Jumia, 40 percent owned by MTN and still a loss-making company (about $200m in losses), delivers online services to about 4 million consumers in 14 African countries, including Ghana, Kenya, Ivory Coast, Morocco and Egypt, with more than 81 000 active sellers transacting online. The e-commerce platform, which has been growing for seven years, employs more than 5 000 people in Africa, a statement from the company said.
Sagarmatha unsuccessfully attempted to list on the Johannesburg Stock Exchange last year because of negative publicity it received (due in part to a “smear campaign” by a rival media group), due also to a technical financial reporting oversight and because investors did not appear to understand the model of listings of online digital platform groups, said Survé.

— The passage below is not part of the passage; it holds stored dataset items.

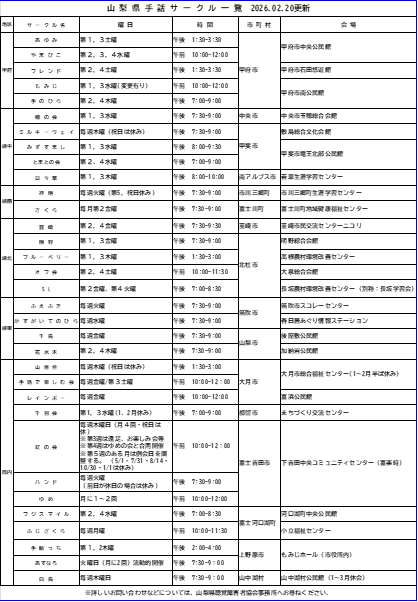 山梨県内手話サークル一覧表
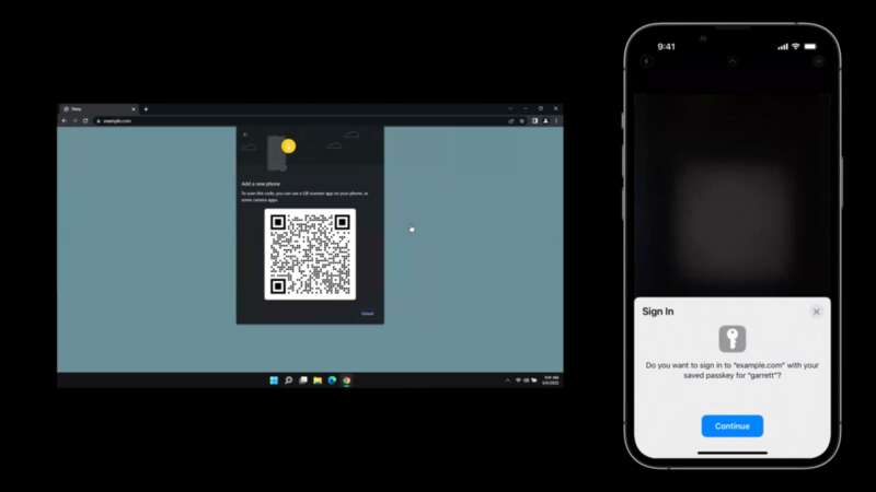 比如像苹果在 WWDC 期间展示的那样:iPhone 用户可以通过扫码,在一台 Windows PC 上,使用 Chrome 浏览器登录一个支持 FIDO 技术的账户,这样一个类似“微信扫码登录”的简单操作,更像是苹果、微软、谷歌三大互联网巨头在无密码领域努力的缩影 。
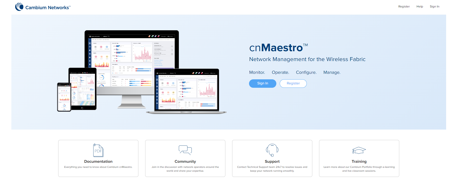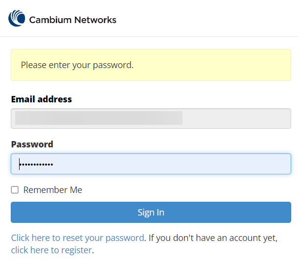 To access cnMaestro, you must create a Cambium Support Center account, which sets your username and password.
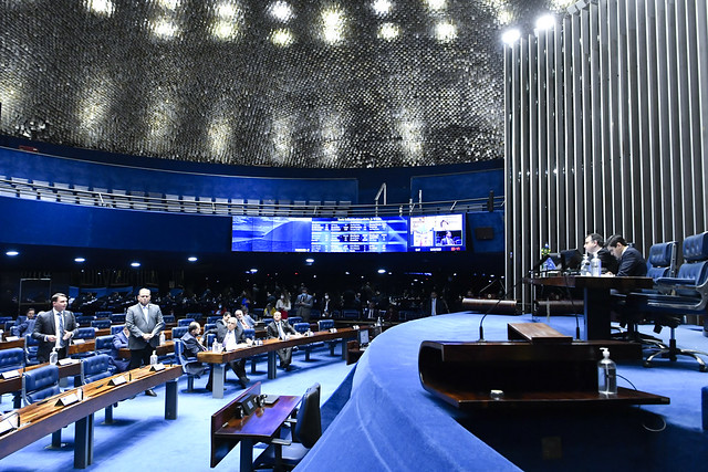 Plenário do Senado Federal durante sessão deliberativa extraordinária semipresencial.
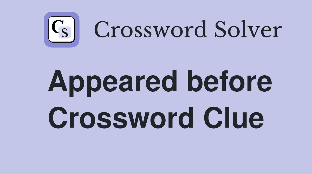 Appeared before Crossword Clue Answers Crossword Solver
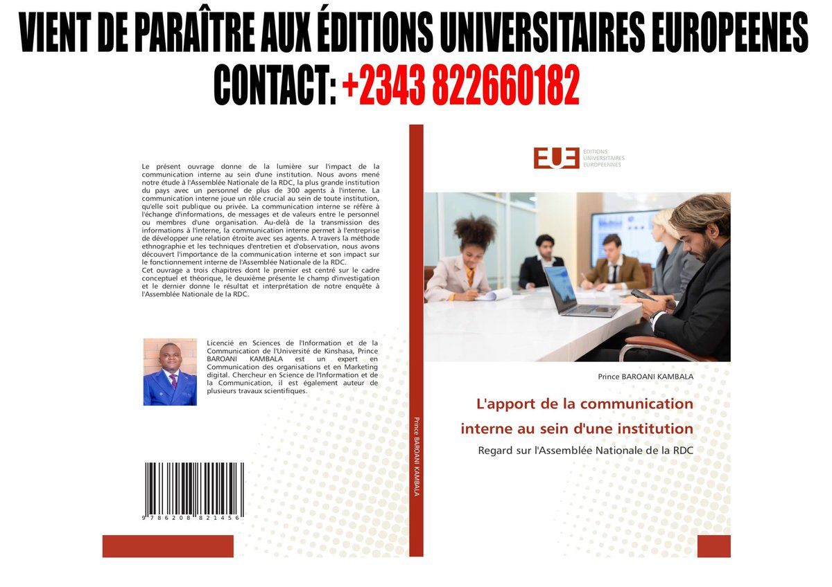 #Vient de paraître aux éditions universitaires européennes ! ✍️Prince BAROANI Chercheur en SIC/UNIKIN @AssembleeNatRDC @SamuelMbemba4 @KanyindaPat
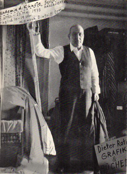 Rot, Dieter (auch Dieter Roth): Bücher und Grafik. Aus den Jahren 1947 bis 1971. (1. Teil) Books and grafik (part 1). From 1947 until 1971. Gesammelte Werke Band 20. Erste Ausgabe. Sttgt. London. Reykjavik. Edition Hansjörg Mayer. 1972. 23 x 17 cm. 222 S. 8 Blatt. Illustrierter OKarton mit illustriertem OUmschlag. Umschlag am Kapital etwas berieben, Rücken etwas nachgedunkelt. Name und Datum auf Vorsatz. Sonst gutes Exemplar. Verzeichnis der Buchobjekte und Grafiken bis 1971. Der 20. Band der Gesamtausgabe gilt gleichzeitig auch als Ausstellungskatalog. Hier eines der Exemplare mit dem Umschlag für die Akademie der Künste Berlin, 13. April bis 20. Mai 1973. Die Umschläge unterscheiden sich jeweils gestalterisch. Texte in Deutsch und Englisch.
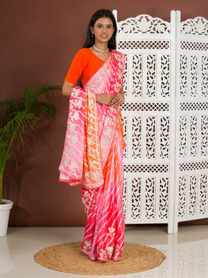 Tanmira Latest Satin Silk Multicolored Tifli Leheriya Gotapatti work Saree 2
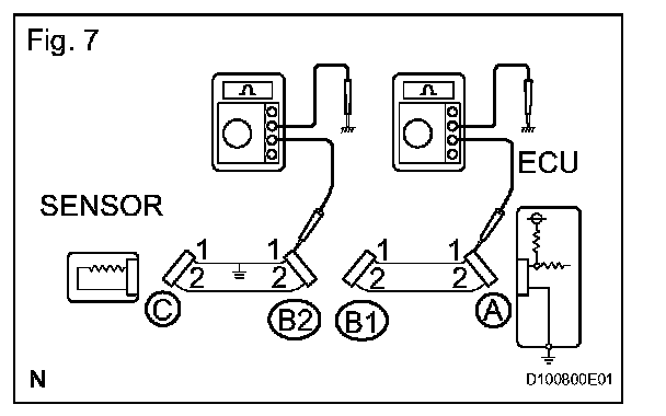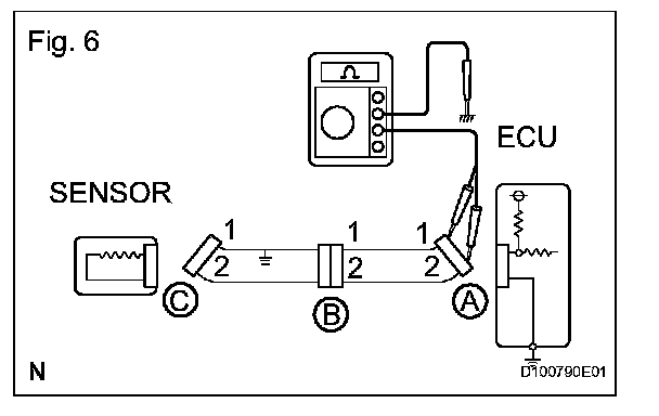 1. Disconnect connectors A and C and measure the resistance.
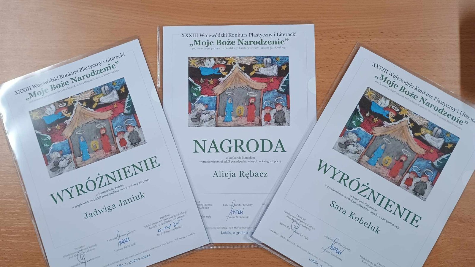 Trzy uczennice naszego liceum zostały laureatkami XXXIII Wojewódzkiego Konkursu Literackiego "Moje Boże Narodzenie", który odbył się pod honorowym patronatem Lubelskiego Kuratora Oświaty Tomasza Szabłowskiego.
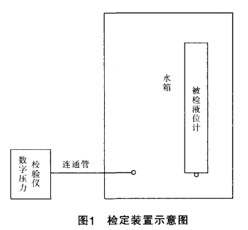 该检定装置如图1所示,包括数字压力校验仪、水箱、连通管、水箱、各种液位计接口和固定装置。

In the year to March 31, 2018, just prior to its proposed listing on the JSE, Sagarmatha reported a total comprehensive loss of R70m after the turnover of its e-commerce business had increased more than 90 percent over two years to R359.7m.
“At the time people were saying, how could you list a loss-making company on the JSE? They didn’t seem to understand that this is the model for listing multi-sided platform companies. This is the model followed by the listings of most high-performance technology stocks such as Facebook, Amazon, Netflix and Google,” said Survé.
Ride-hailing company Uber, which plans to list in New York soon and which some commentators say might be the biggest listing in US history with a possible valuation by the market of around $120bn, reported net income of R1bn last year due to the sale of operations in Asia and Russia, but it posted an operating loss of $3bn.
A capital raising through listing is essential to enable digital platforms to fund their rapid expansion potential, Survé said.
Currently, Sagarmatha’s growth was being managed because of the capital constraints of being privately owned, he said.
Survé said he was confident Sagarmatha would be positively received by investors. Unlike Jumia, which has one digital platform, Sagarmatha has eight interfacing platforms and it also boasted an all-African management, staff and systems development teams.
Survé did not disclose how much Sagarmatha hoped to raise through an offshore listing if it gets permission from the Reserve Bank to do so.
However, he said they had hoped to be the first African unicorn (a digital company valued at more than $1bn) and would possibly list up to 50 percent of Sagarmatha.
He said the well-known US-based valuations group Redwood Valuations Partners had valued its e-commerce business at $1.2bn and its other platforms at more than $2bn, giving a total valuation of more than $3.5bn, which is in line with Jumia.
Survé also expressed his disappointment that the JSE had to miss this opportunity.